Intel looks for thousand core chips

Intel apparently can’t get enough cores.

Intel scientists have been contemplating their navels to work out a way that they can pass more than a thousand.

Chipzilla boffin Timothy Mattson has released a paper which said that the architecture for the Intel 48-core Single Chip Cloud Computer (SCC) processor is “arbitrarily scalable.”

Apparently the problem is that after you hit about 1,000 cores the diameter of the mesh, grows so much that it stuffs up performance.

However he is still convinced that the future progress of microprocessors will depend on packing ever more cores onto a chip.

Currently multicore chip architectures depend on cache coherency, which is a set of protocols that make sure that each core has the same view of the system’s memory.

But as more cores are added, this all breaks down because “the protocol overhead per core grows with the number of cores, leading to a ‘coherency wall’ beyond which the overhead exceeds the value of adding cores.”

Mattson thinks that it would be better to kill off cache coherency and allow cores to pass messages among one another.

His team has been developing message-passing techniques for the chip that would scale as more cores are added.

So far they have come up with an experimental chip which has not made it to Intel’s product road map.

Apparently it was first fabricated with a 45 nanometre process at Intel facilities about a year ago.

It is a six-by-four array of tiles, each tile containing two cores. It has more than 1.3 billion transistors and consumes from 25 to 125 watts.

To keep it simple the team dusted off an off-the-shelf 1994-era Pentium processor design for the cores themselves. Mattson admits that the performance is pants, and it uses a standard X86 instruction set.
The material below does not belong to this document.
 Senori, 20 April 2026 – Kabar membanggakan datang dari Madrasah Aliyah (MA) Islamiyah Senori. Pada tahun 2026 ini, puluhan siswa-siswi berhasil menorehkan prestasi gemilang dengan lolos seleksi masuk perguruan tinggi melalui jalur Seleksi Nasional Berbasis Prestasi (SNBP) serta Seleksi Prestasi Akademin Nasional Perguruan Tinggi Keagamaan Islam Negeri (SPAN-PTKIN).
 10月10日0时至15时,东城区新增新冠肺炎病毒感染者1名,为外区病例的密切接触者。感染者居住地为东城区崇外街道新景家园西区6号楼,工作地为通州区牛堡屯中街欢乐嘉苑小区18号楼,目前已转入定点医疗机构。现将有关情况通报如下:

But each core has a “mesh interface component” that packages data into packets and connects to an on-board router. Each tile also has a “message-passing buffer,” with 16 kilobytes of random access memory.
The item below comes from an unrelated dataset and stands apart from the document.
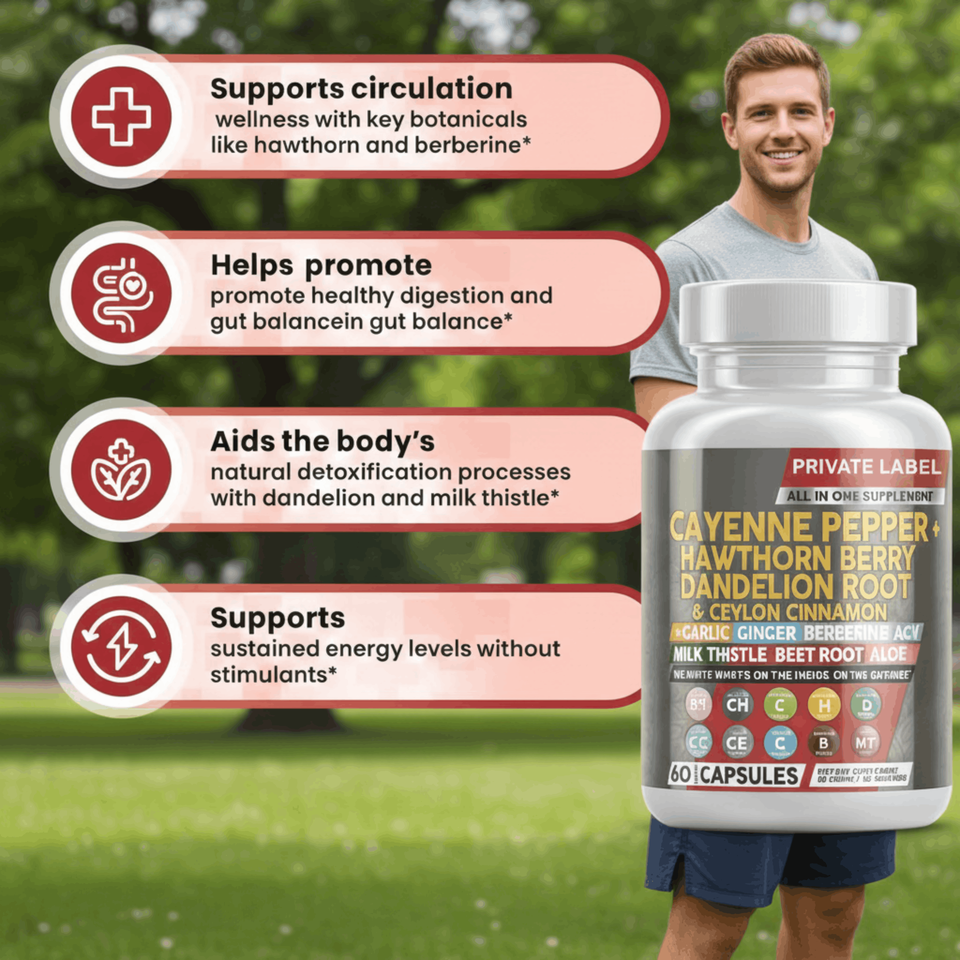 แคปซูลสารสกัดจากผลฮอว์ธอร์นแบบบรรจุภัณฑ์ขนาดใหญ่ พร้อมสารสกัดจากพริกไทยแดง แคปซูลเสริมสุขภาพพร้อมสารสกัดจากดอกแดนดิไลออนและสารสกัดจากพืชต่างๆ

By installing the TCP/IP protocol on the data link layer, the team was able to run a separate Linux-based operating system on each core.
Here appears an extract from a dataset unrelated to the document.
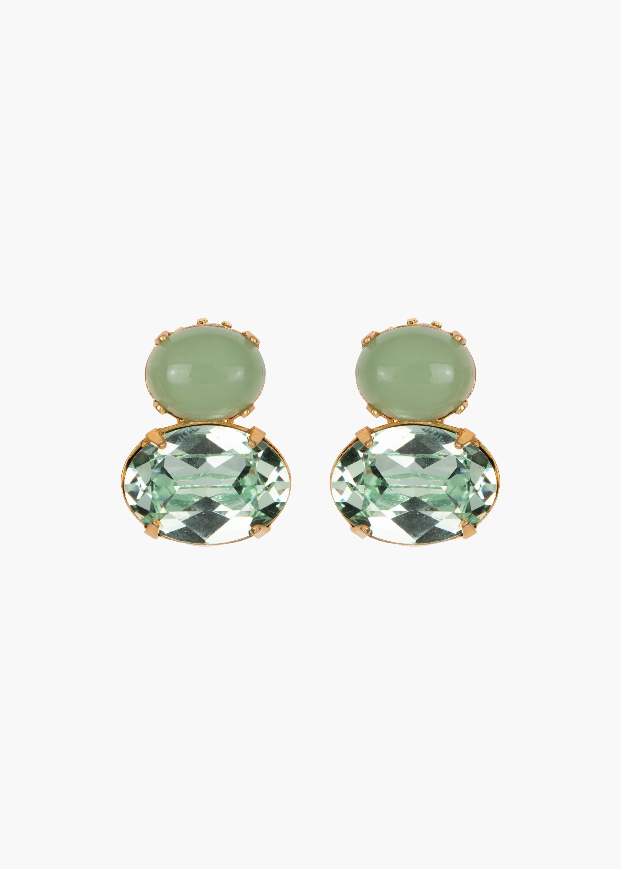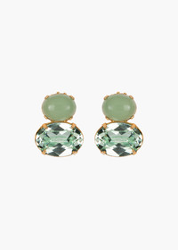The Yvette Earrings combine gorgeously faceted crystals with semi-precious gemstones to create a harmonious tonal palette. They feature either semi-precious blue lace agate, a highly prized stone naturally formed in seabeds, known for its association with the throat chakra, promoting calm, clear communication or semi-precious chalcedony, which is known as a grounding stone for its ability to promote calmness and inner peace. . These delicate earrings pair seamlessly with anything. Dimensions: 0.75 inch length Material The Yvette Earrings are made by hand in New York from semi-precious stone elements and Czech crystals. All stones have natural variances in color and markings that make each one unique. They have a surgical-steel post, are nickel-free and safe for sensitive skin. We recommend storing earrings in their dust bag while not in use, and avoiding contact with water, perfume, hairspray, and other chemicals.
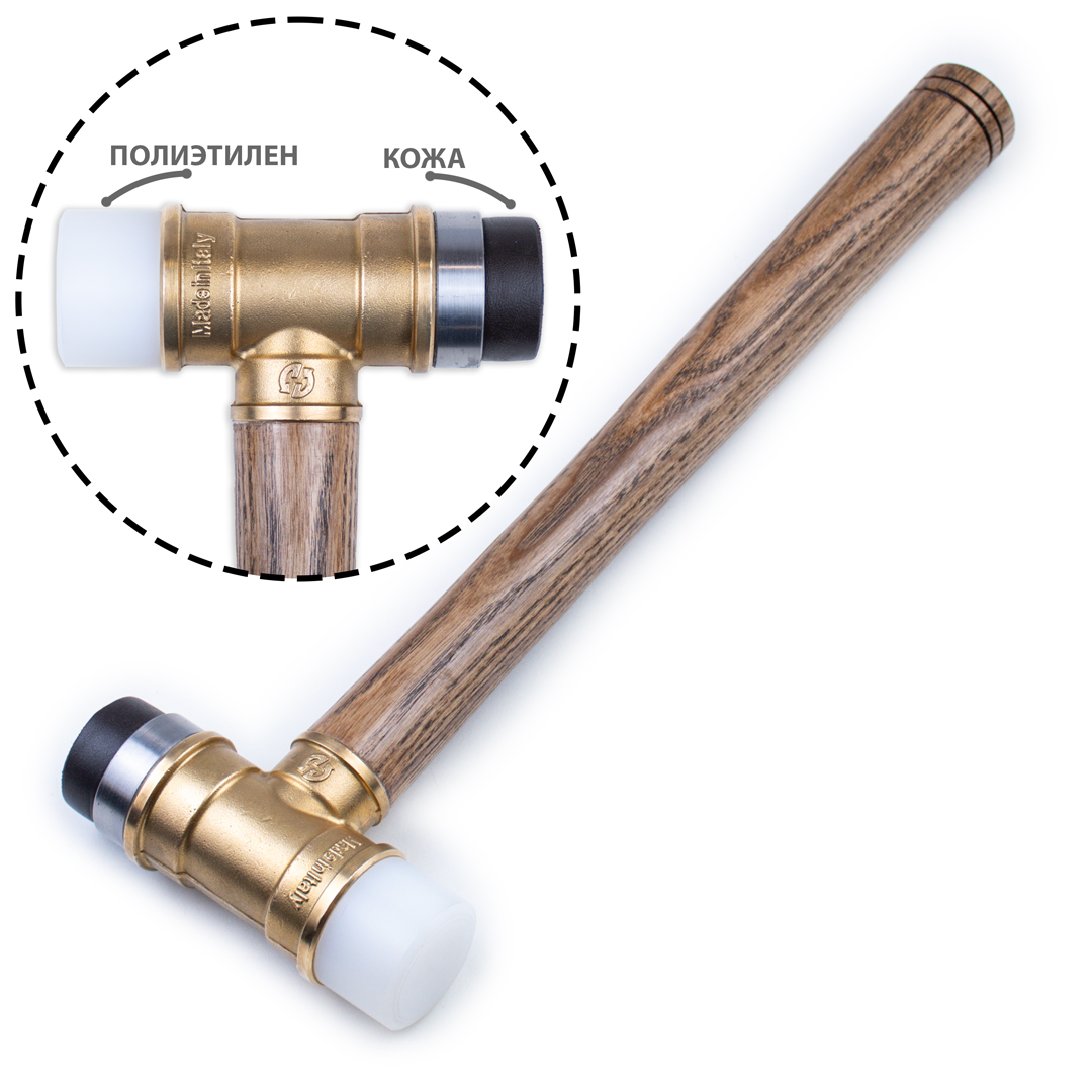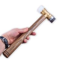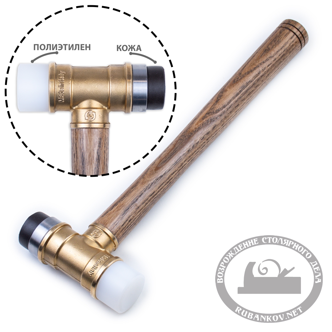 Молоток ПЕТРОГРАДЪ, модель н8 "Стимпанк", рихтовочный со сменными бойками. Предназначен для рихтовочных и сборочных работ. Масса молотка (с двумя установленными бойками) 740 граммов. Размеры молотка 360*120 мм. Диаметр бойка 38 мм. Возможные материалы для бойков: кожа, пластики любой твёрдости, полиуретан любой твёрдости, древесина (бук, ясень). Производство фабрика Петроградъ (Россия).

Mattson a 48-node Linux cluster on the chip was possible but boring.

The team also developed a small API library for message passing among the cores, called RCCE.

Tests showed that a message passing among the cores could be just as speedy using RCCE as with TCP/IP-based Linux cluster.

So far, it has all been promising in that the team has managed to prove that the SCC processor and its native message passing API provide an effective software development platform.

“The expected difficulties due to the lack of asynchronous message passing have so far not materialised,” the paper says.